Upwardly Global supported Cecilia in navigating the job market, refining her resume, and building her professional network. She learned many nuances to changing her resume for the US job market versus her home country of Peru. She learned how to interview, received mock interviews with constructive feedback, which in turn helped her build confidence with her English-language skills. After the coaching that Upwardly Global provided, Cecilia received a job as an event producer in Chicago. She has continued to build her career and now works as part of the staff at Upwardly Global, managing courses and trainings that are provided to job seekers. Cecilia found Upwardly Global’s resources instrumental in her success in the United States and is inspired to give back and support people like her.

“Do not be afraid to reach out and ask for help,” Cecilia says. “There are so many people and organizations willing to support immigrants and refugees. You just need to have the courage to talk to them.”

The Western Union Foundation believes enabling immigrants and refugees to access and compete within the global economy will lead to higher economic growth. That is why we collaborate with partners like Upwardly Global, who are helping provide the resources and tools needed for better jobs and a chance at a better life.

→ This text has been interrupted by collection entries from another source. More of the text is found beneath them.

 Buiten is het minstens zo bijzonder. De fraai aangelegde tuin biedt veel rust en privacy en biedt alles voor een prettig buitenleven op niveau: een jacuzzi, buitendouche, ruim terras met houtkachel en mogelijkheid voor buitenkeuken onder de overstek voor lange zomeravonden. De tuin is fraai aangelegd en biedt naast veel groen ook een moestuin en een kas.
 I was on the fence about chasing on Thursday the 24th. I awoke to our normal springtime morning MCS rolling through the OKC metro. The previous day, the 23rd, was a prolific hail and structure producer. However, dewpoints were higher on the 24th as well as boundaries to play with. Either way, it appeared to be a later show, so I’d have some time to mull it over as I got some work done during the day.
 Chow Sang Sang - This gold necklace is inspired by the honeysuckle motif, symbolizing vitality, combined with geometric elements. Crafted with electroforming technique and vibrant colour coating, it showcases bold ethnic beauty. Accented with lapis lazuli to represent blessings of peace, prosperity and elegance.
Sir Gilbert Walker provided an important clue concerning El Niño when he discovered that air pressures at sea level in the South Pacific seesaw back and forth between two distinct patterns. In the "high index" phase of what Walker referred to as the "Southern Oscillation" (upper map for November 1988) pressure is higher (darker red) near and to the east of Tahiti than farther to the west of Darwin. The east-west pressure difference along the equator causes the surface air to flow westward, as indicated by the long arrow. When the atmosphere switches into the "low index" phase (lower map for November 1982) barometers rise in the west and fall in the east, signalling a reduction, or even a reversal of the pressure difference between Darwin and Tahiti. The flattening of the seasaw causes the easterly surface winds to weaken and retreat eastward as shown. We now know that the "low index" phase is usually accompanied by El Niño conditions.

“Diverse workplaces are innovative, resilient, future-ready workplaces.  That’s why Upwardly Global is proud to have one-third of our staff comprised of former program participants, immigrants, and refugees representing more than 20 countries,” said Jina Krause-Vilmar, President & CEO of Upwardly Global.  “We know that people like Ceci make our organization stronger. And we’re grateful to Western Union Foundation for supporting our work in championing the skills of our program participants and building more diverse, equitable, and inclusive workplaces across the country.”